AIM OF THE TASK: Given the entries below, would you transcribe exactly the lines starting at the one with "This high quality" and ending at the one with "Penna Gel a", both kept, pictures omitted, nothing extra?

DATA PROVIDED:
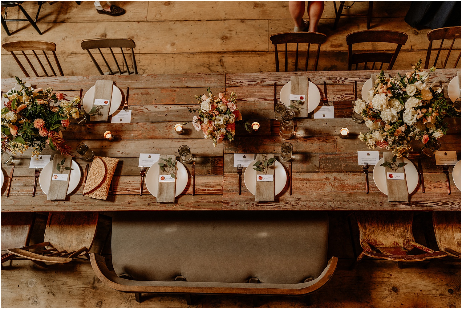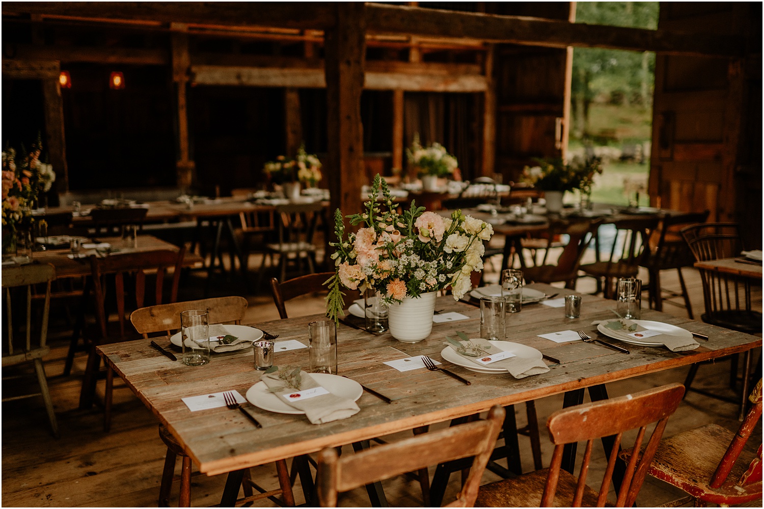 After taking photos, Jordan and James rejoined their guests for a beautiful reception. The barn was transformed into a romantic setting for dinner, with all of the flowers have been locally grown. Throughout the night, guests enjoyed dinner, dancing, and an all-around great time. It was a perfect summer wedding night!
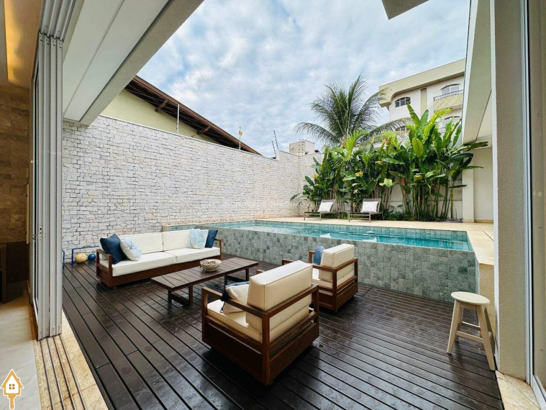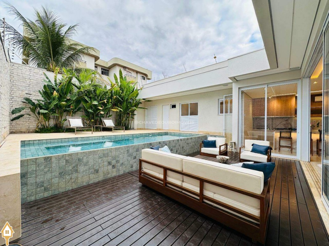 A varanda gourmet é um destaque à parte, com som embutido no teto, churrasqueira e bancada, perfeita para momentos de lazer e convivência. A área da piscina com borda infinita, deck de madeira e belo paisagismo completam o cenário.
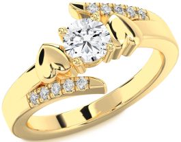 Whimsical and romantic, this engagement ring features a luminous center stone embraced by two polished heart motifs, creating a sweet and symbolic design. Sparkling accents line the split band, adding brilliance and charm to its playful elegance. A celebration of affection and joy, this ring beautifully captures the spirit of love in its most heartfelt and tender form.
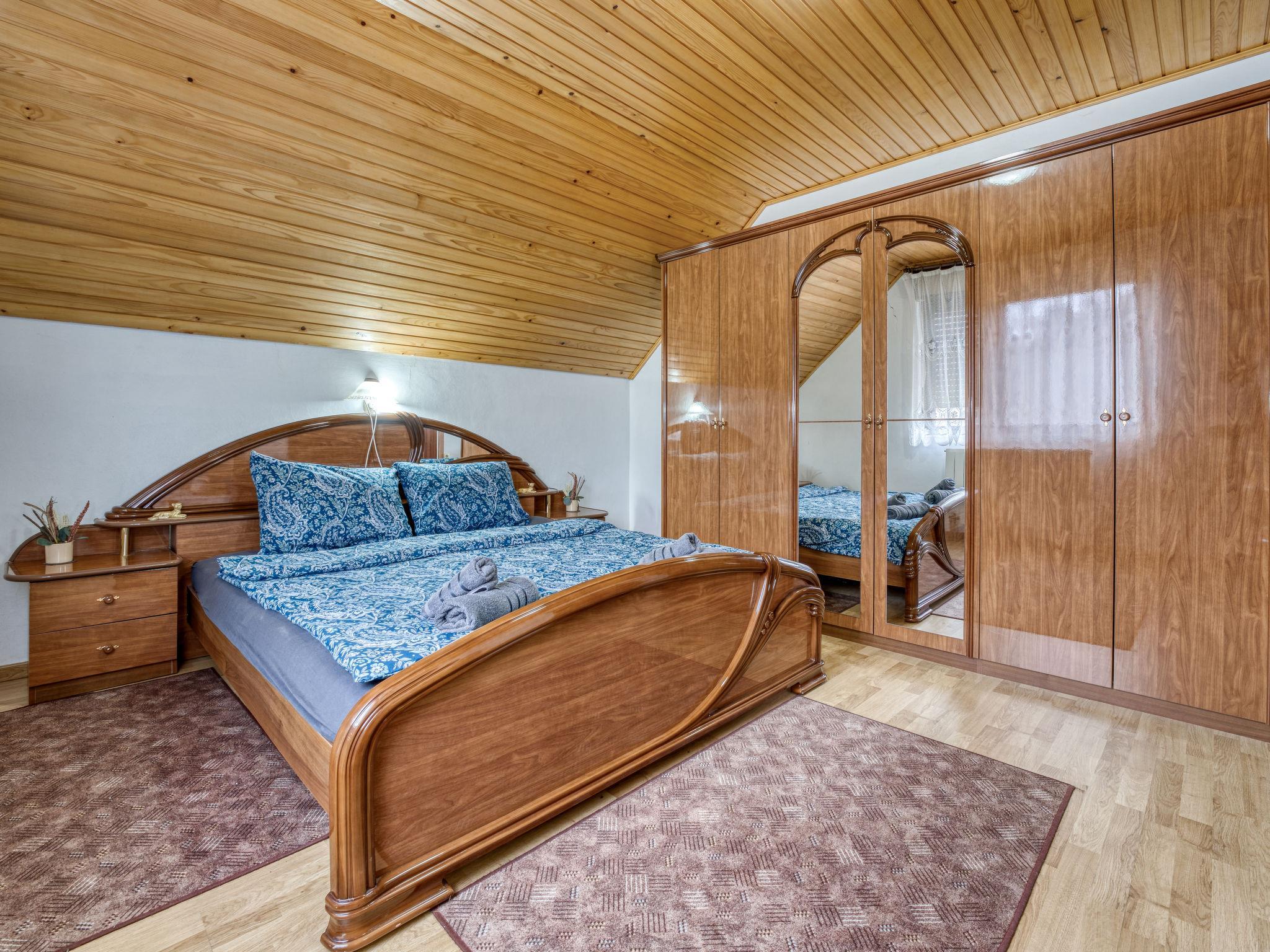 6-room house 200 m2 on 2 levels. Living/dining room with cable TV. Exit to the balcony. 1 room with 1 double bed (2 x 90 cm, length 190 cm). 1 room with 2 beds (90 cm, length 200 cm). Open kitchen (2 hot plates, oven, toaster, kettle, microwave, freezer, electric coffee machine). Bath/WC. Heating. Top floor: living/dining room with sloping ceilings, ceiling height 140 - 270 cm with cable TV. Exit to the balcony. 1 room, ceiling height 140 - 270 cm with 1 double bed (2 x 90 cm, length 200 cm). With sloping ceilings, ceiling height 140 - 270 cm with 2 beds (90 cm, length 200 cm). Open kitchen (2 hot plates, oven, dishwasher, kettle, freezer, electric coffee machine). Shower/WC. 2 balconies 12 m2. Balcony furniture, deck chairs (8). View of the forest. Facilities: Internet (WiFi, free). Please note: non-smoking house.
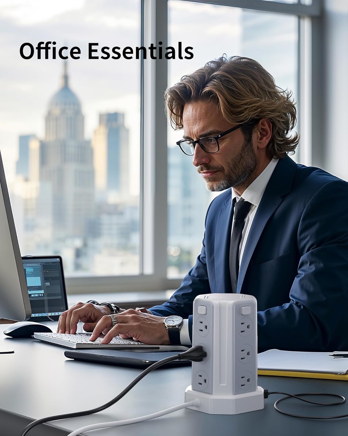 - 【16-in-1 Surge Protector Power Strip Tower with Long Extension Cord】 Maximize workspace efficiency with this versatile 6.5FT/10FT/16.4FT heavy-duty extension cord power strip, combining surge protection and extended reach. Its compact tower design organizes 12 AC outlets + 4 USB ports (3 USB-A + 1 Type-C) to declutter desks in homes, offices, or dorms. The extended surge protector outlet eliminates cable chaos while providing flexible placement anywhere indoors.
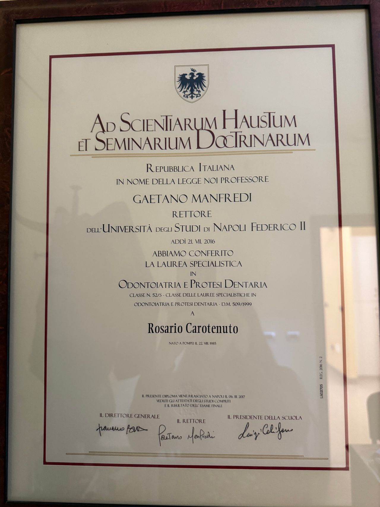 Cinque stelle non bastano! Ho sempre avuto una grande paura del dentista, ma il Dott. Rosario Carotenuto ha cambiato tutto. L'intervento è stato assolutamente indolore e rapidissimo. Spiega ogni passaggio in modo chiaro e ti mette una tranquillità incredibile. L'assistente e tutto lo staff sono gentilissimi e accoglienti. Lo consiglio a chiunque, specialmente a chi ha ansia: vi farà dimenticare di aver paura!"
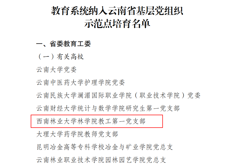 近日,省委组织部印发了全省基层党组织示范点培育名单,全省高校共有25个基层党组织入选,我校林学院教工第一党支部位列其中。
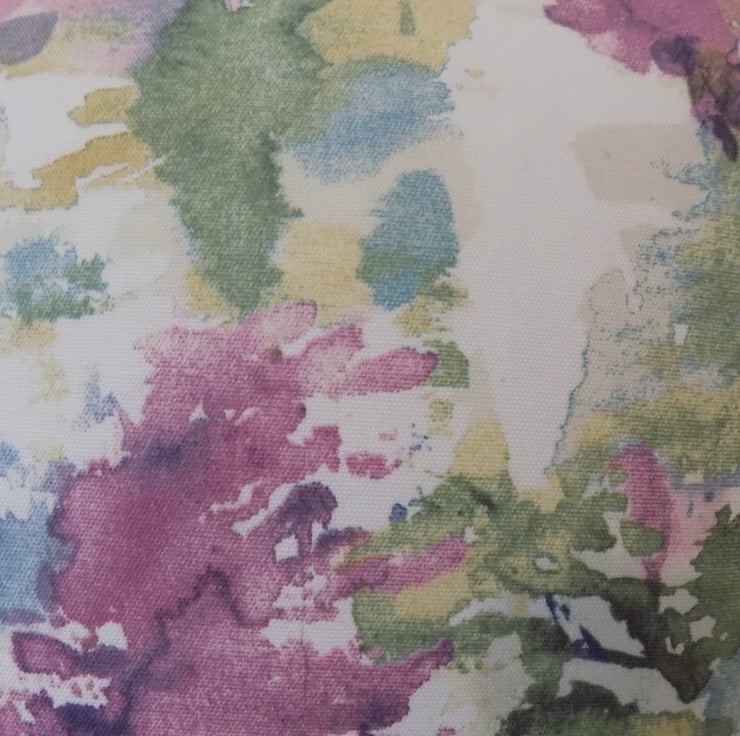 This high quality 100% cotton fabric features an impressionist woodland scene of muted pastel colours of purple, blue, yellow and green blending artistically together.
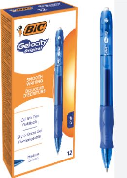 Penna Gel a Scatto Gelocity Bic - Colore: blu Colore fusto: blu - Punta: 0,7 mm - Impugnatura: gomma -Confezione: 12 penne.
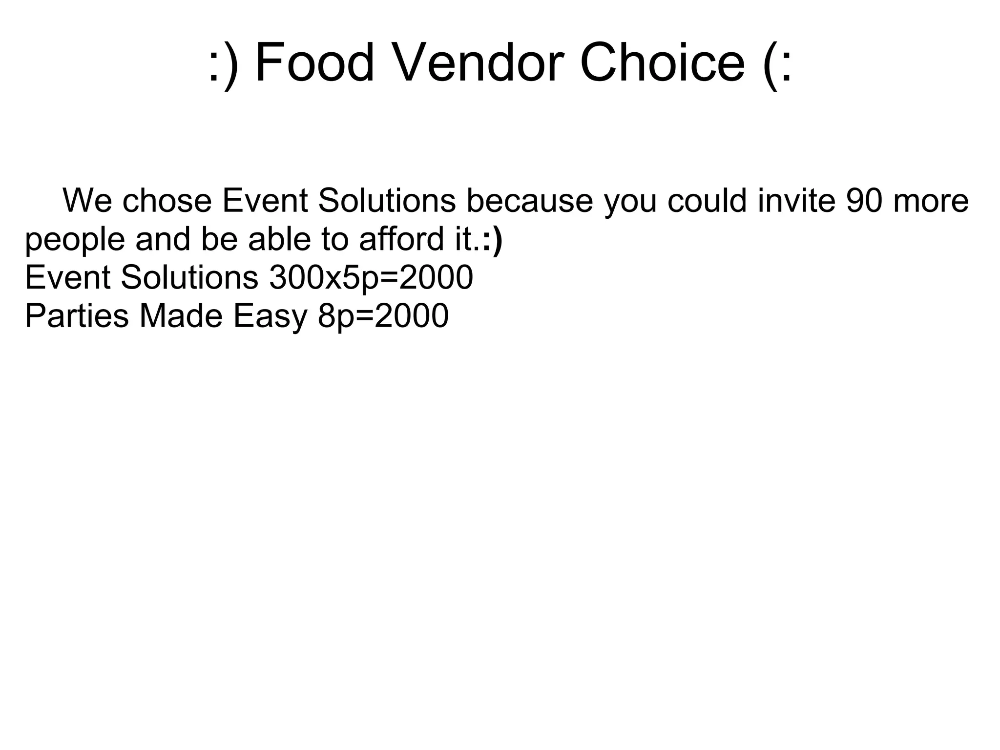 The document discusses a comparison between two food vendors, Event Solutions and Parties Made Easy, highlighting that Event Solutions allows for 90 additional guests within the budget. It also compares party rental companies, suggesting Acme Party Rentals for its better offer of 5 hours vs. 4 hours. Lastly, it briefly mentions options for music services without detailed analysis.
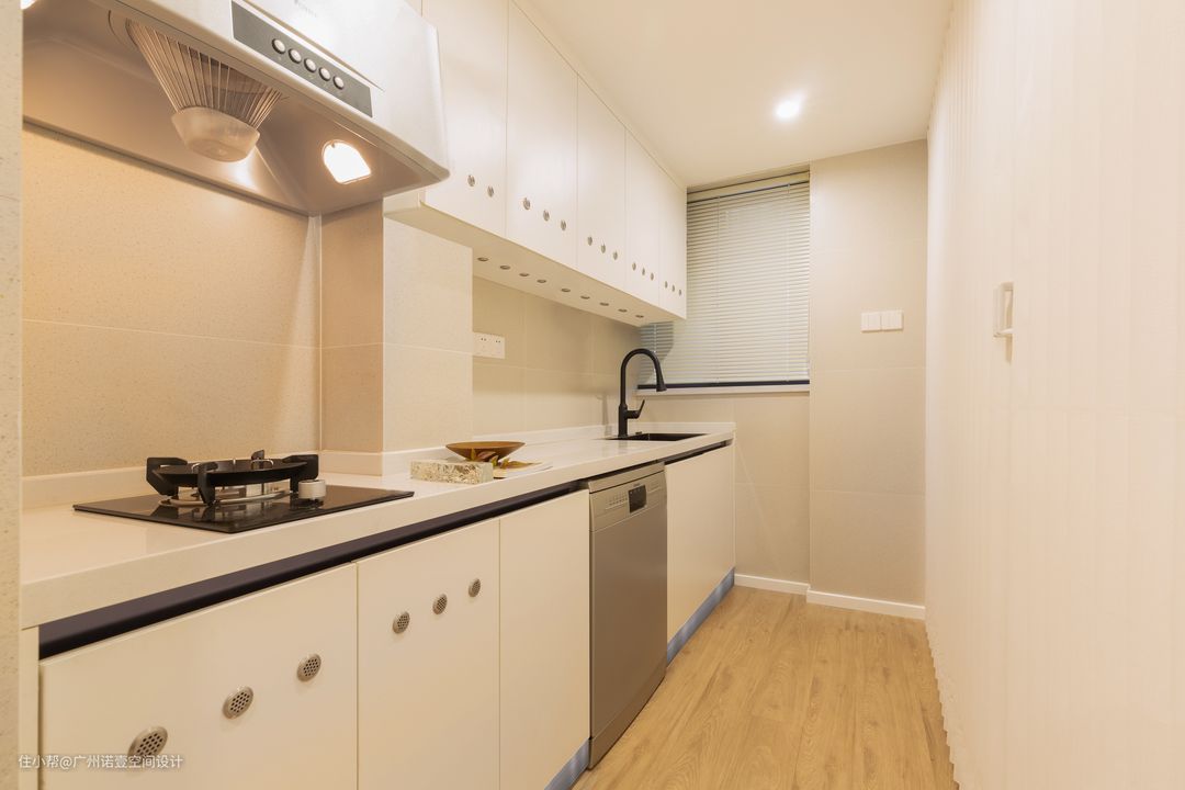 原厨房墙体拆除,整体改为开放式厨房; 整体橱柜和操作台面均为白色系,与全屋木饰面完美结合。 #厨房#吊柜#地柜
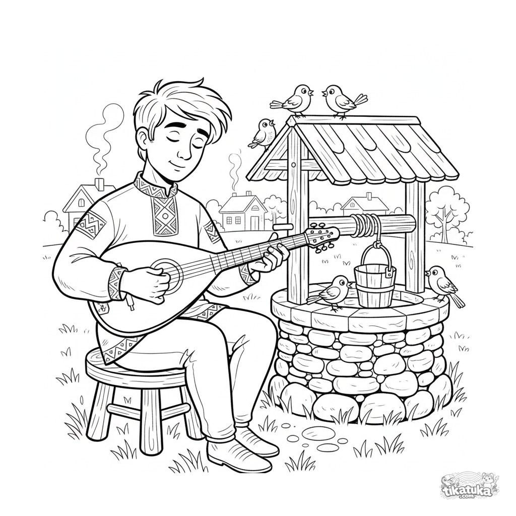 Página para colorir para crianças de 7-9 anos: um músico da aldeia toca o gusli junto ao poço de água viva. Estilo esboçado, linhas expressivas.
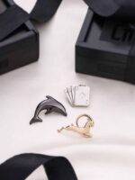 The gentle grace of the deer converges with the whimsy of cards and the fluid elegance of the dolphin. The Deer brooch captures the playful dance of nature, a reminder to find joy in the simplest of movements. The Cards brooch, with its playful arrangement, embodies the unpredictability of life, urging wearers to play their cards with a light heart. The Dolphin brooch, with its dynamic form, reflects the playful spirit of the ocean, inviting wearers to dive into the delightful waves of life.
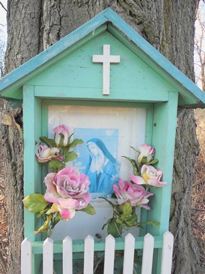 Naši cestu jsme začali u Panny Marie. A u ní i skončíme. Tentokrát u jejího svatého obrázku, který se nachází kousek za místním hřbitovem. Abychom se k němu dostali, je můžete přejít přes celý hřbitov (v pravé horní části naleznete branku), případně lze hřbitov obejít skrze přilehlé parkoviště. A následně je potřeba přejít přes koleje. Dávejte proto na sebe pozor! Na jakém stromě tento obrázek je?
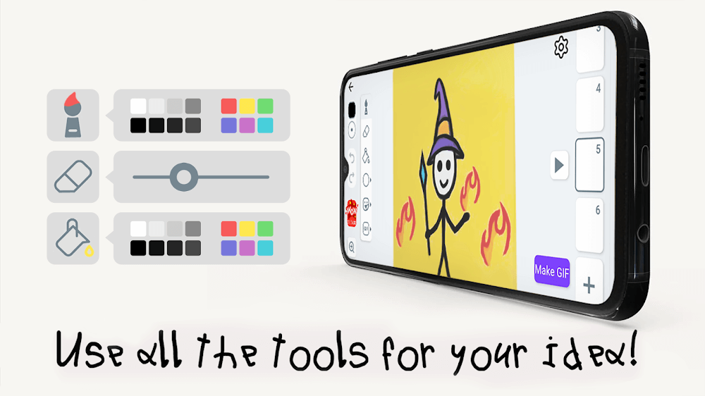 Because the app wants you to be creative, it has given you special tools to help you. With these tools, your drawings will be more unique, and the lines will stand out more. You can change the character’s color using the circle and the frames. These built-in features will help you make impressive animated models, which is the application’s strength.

ANSWER TO THIS PROBLEM:
 This high quality 100% cotton fabric features an impressionist woodland scene of muted pastel colours of purple, blue, yellow and green blending artistically together.
 Penna Gel a Scatto Gelocity Bic - Colore: blu Colore fusto: blu - Punta: 0,7 mm - Impugnatura: gomma -Confezione: 12 penne.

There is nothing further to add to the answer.